Please set down, unchanged, each line from the one with "江苏省田径运动协会会长、江苏" to the final line of the data below, both included. Drop the pictures.

=== Supplied data ===

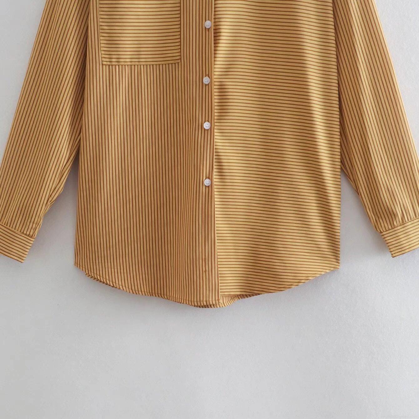 Women's Striped Two Piece Casual Set Long Sleeve Button Up Shirt With Pocket And Elastic Waist Wide Leg Shorts Outfit Loose Polyester Streetwear Summer Lounge Set
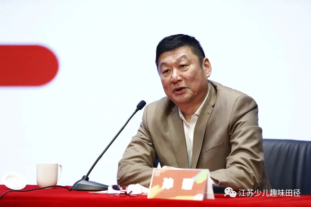 江苏省田径运动协会会长、江苏省体育局社会体育管理中心孙谦主任以《江苏省趣味田径的发展与建设》为主题,并针对趣味田径项目,从国家相关政策、项目体系、课程搭建、师资培养等方面进行了详细的介绍和分享。
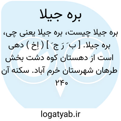 بره جیلا. [ ب َ رَ ج َ ] ( اِخ ) دهی است از دهستان کوه دشت بخش طرهان شهرستان خرم آباد. سکنه آن 240 تن. آب آن از چاه و محصول آن غلات است. اهالی این ده از طایفه گومه میباشند و در سیاه چادر سکونت دارند. ( از فرهنگجغرافیایی ایران ج 6 ).
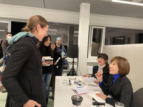 | ▲ 독일 독자들과 만난 정유정 작가 (베를린=연합뉴스) 이율 특파원 = 독일 베를린자유대 도서관에서 열린 종의 기원 낭독회 후 정유정 작가가 독자들과 만나 작품에 사인하고 있다. 2022.11.14 |
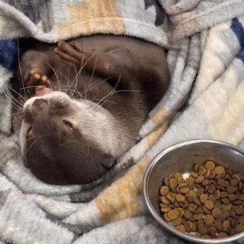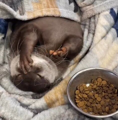 「うちのお父さんにそっくり」布団にくるまって寝転がる“ずぼら”なカワウソの動画にかわいいの声
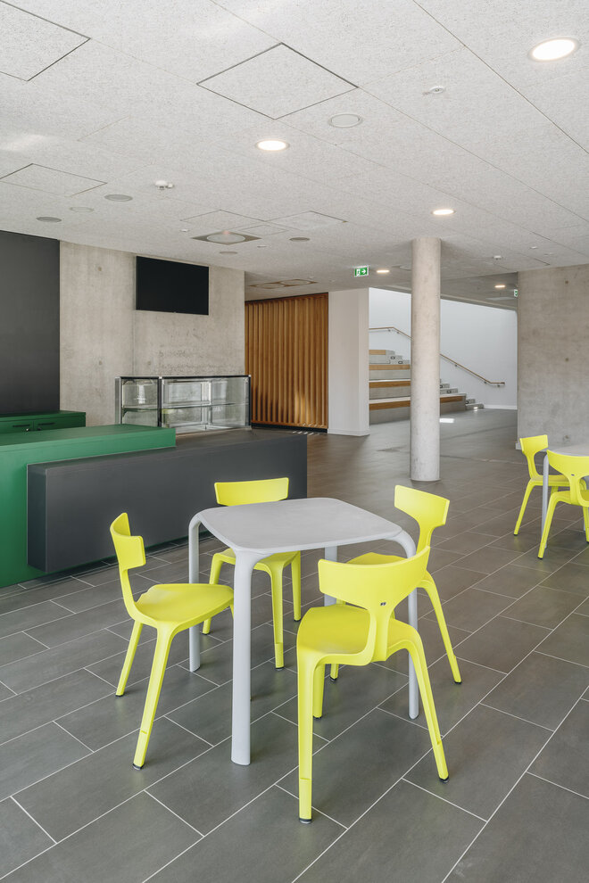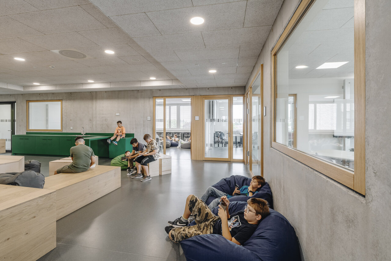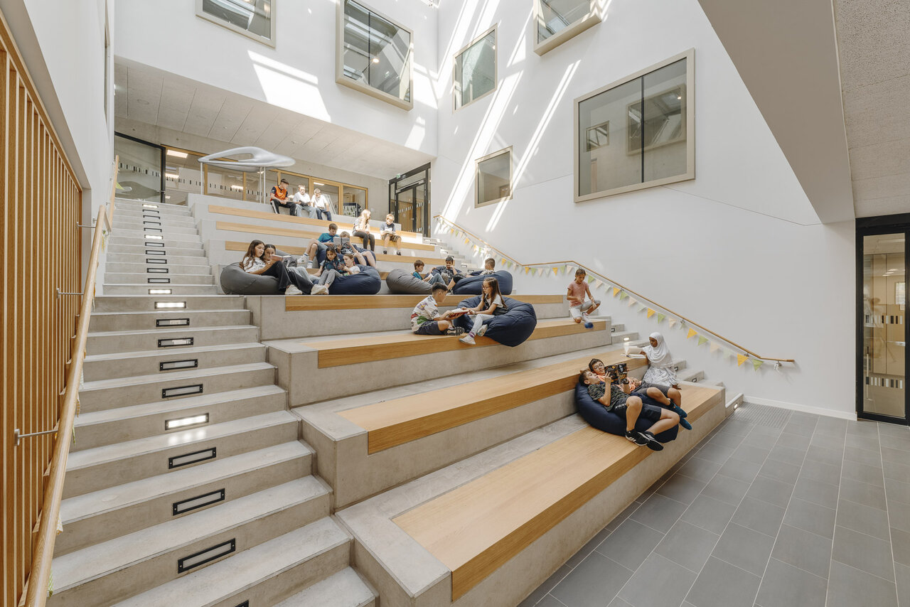 Die offene Sitztreppe ist das neue „Herz der Schule“ und bietet mit dem zuschaltbaren Musikraum die Möglichkeit für Präsentationen, Feierlichkeiten sowie Versammlungen und vermittelt die Idee einer demokratischen Schule. Aus dem Erdgeschoss bietet die Sitztreppe den Zugang ins 1. Obergeschoss mit der Schülerbibliothek, dem Computerlabor und den Fachsälen des Kreativbereichs. Über den Luftraum ist das 2. Obergeschoss mit den Naturwissenschaften und der Lehrküche visuell angebunden.

===

_Exercise solution_
 江苏省田径运动协会会长、江苏省体育局社会体育管理中心孙谦主任以《江苏省趣味田径的发展与建设》为主题,并针对趣味田径项目,从国家相关政策、项目体系、课程搭建、师资培养等方面进行了详细的介绍和分享。
 بره جیلا. [ ب َ رَ ج َ ] ( اِخ ) دهی است از دهستان کوه دشت بخش طرهان شهرستان خرم آباد. سکنه آن 240 تن. آب آن از چاه و محصول آن غلات است. اهالی این ده از طایفه گومه میباشند و در سیاه چادر سکونت دارند. ( از فرهنگجغرافیایی ایران ج 6 ).
 | ▲ 독일 독자들과 만난 정유정 작가 (베를린=연합뉴스) 이율 특파원 = 독일 베를린자유대 도서관에서 열린 종의 기원 낭독회 후 정유정 작가가 독자들과 만나 작품에 사인하고 있다. 2022.11.14 |
 「うちのお父さんにそっくり」布団にくるまって寝転がる“ずぼら”なカワウソの動画にかわいいの声
 Die offene Sitztreppe ist das neue „Herz der Schule“ und bietet mit dem zuschaltbaren Musikraum die Möglichkeit für Präsentationen, Feierlichkeiten sowie Versammlungen und vermittelt die Idee einer demokratischen Schule. Aus dem Erdgeschoss bietet die Sitztreppe den Zugang ins 1. Obergeschoss mit der Schülerbibliothek, dem Computerlabor und den Fachsälen des Kreativbereichs. Über den Luftraum ist das 2. Obergeschoss mit den Naturwissenschaften und der Lehrküche visuell angebunden.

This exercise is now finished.